Some of the tasks we want to do in our workflows require authentication. However, the whole point of this is to automate this process - so how can we do that without sharing our authentication tokens, usernames or passwords in our workflow files?

GitHub Secrets is the solution to this!

GitHub Secrets are encrypted environment variables that are used only with GitHub Actions, and specified on a repository-by-repository basis. They can be accessed in a workflow file via: ${{ secrets.SECRET_NAME }}

See GitHub’s help docs for how to do this: https://help.github.com/en/actions/configuring-and-managing-workflows/creating-and-storing-encrypted-secrets

Exercise

Add a secret to your pycounts* GitHub repository

Let’s learn how to add secrets to a GitHub repository. We’ll do this by adding our TEST_PYPI_API_TOKEN and PYPI_API_TOKEN as a secret to our pypkgs GitHub repository so that we can automate the publishing of our package repositories.

Steps:

Under “Secrets”, click on “Settings and variables” > “Actions”
Under “Repository secrets” click “New repository secret”
Add TEST_PYPI_API_TOKEN as the secret name, and paste your token (which you previously saved from TestPyPI to a password manager) as the value.
Repeat the steps above to add PYPI_API_TOKEN as a secret

46.3 Authenticating with the `GITHUB_TOKEN`

What if you need to do Git/GitHub things in your workflow? Like checkout your files to run the tests? Create a release? Open an issue? To help with this GitHub automatically (i.e., you do not need to create this secret) creates a secret named GITHUB_TOKEN that you can access and use in your workflow. You access this token in your workflow file via:

${{ secrets.GITHUB_TOKEN }}

46.4 Setting permissions in the workflow file

In addition to the tokens above, the cd job needs to have write permissions to do three things:

Token authentication
Edit the version number in pyproject.toml
Create a new software release on GitHub

To do this we will use the permissions keyword in ci-cd.yml at the beginning of the cd job, setting both id-token and contentstowrite`:

 cd:
    permissions:
      id-token: write
      contents: write

46.5 Conditionals for when to run the job

We only want our cd job to run if certain conditions are true, these are:

if the ci job passes
if this is a commit to the main branch

We can accomplish this in our cd job be writing a conditional using the needs and if keywords at the top of the job, right after we set the permissions:

cd:
    permissions:
      id-token: write
      contents: write

    # Only run this job if the "ci" job passes
    needs: ci

    # Only run this job if new work is pushed to "main"
    if: github.event_name == 'push' && github.ref == 'refs/heads/main'

Exercise

read the cd job of ci-cd.yml

To make sure we understand what is happening in our workflow that performs CD, let’s convert each step to a human-readable explanation:

Sets up Python on the runner
Checkout our repository files from GitHub and put them on the runner
…
…
…
…
…

Note: I filled in the steps we went over last class, so you can just fill in the new stuff

46.5.1 How can we automate version bumping?

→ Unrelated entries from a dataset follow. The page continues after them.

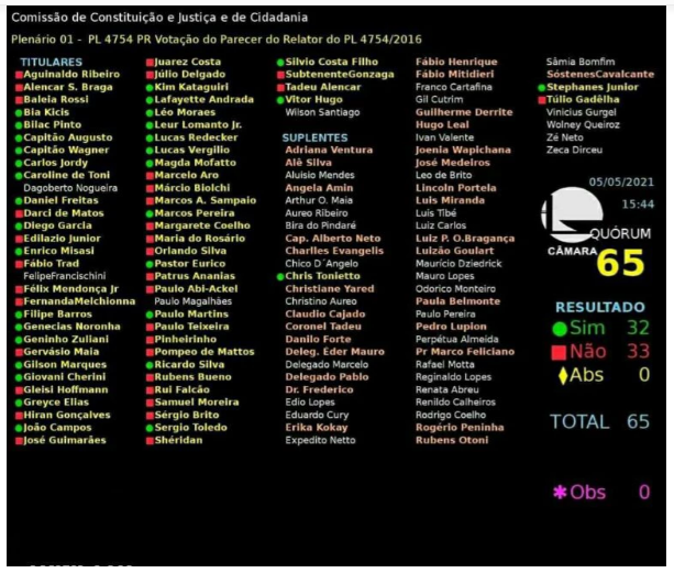 Veja os nomes dos deputados que votaram contra o projeto na CCJ.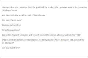 Don't be misled and conned by some infomercial scams that are not to be relied upon. Are they too good to be true though? Think twice, even before you pick up the phone to place an order. The clairvoyant crooks try to deceit you by closing the deal via a "1 +1" offer or "if you buy now" offer, a free complimentary gift is included into a "fitness deal", "baldness deal" that benefits them and only them. Before you shell out hundreds of dollars to get that "so-called" instant result of the product, think again. With all that said, within the infomercial industry, shipping & handling scam is one such type.
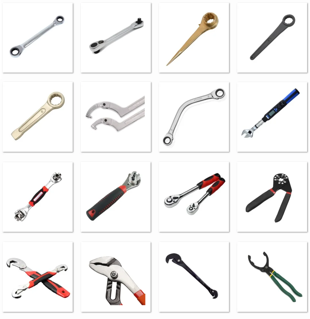Tools: Thread tap & die, Screwdriver & bits, Wrench & key, Drill bits, Cutting tools, Woodworking router bis & clamps, File, Punch tools, etc.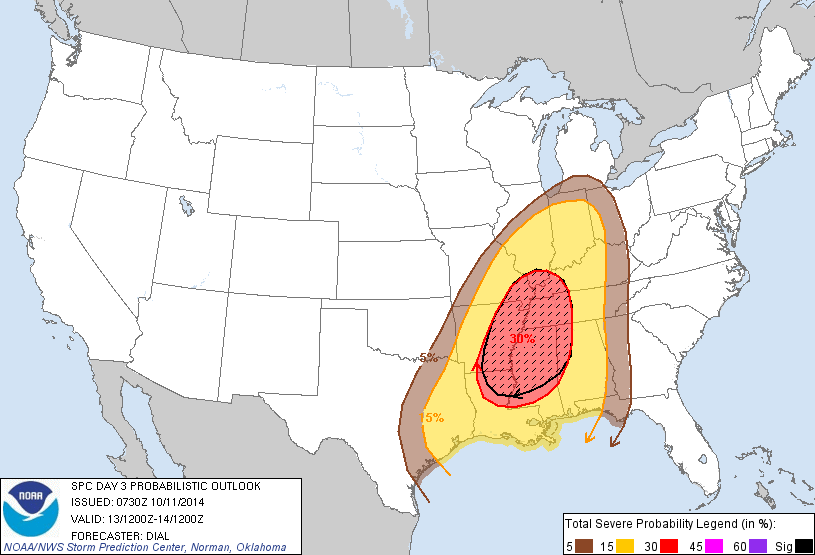 The new Day 3 Severe Outlook from the Storm Prediction Center suggests the greatest threat for severe weather on Monday will be NE of Texas in the Mid Mississippi River Valley Region. That does not mean there is zero chance of severe storms across all of SE Texas. This is likely to be a quick moving mid to early afternoon squall line and the risk of damaging thunderstorm winds and an isolated quick spin up of a tornado or two along the line is not out of the question.

Let’s look at the first step that works towards accomplishing this:

      - name: Use Python Semantic Release to prepare release
        id: release
        uses: python-semantic-release/python-semantic-release@v8.3.0
        with:
          github_token: ${{ secrets.GITHUB_TOKEN }}

Python semantic-release is a Python tool which parses commit messages looking for keywords to indicate how to bump the version. It bumps the version in the pyproject.toml file.

To understand how it works so that we can use it, we need to understand semantic versioning and how to write conventional commit messages.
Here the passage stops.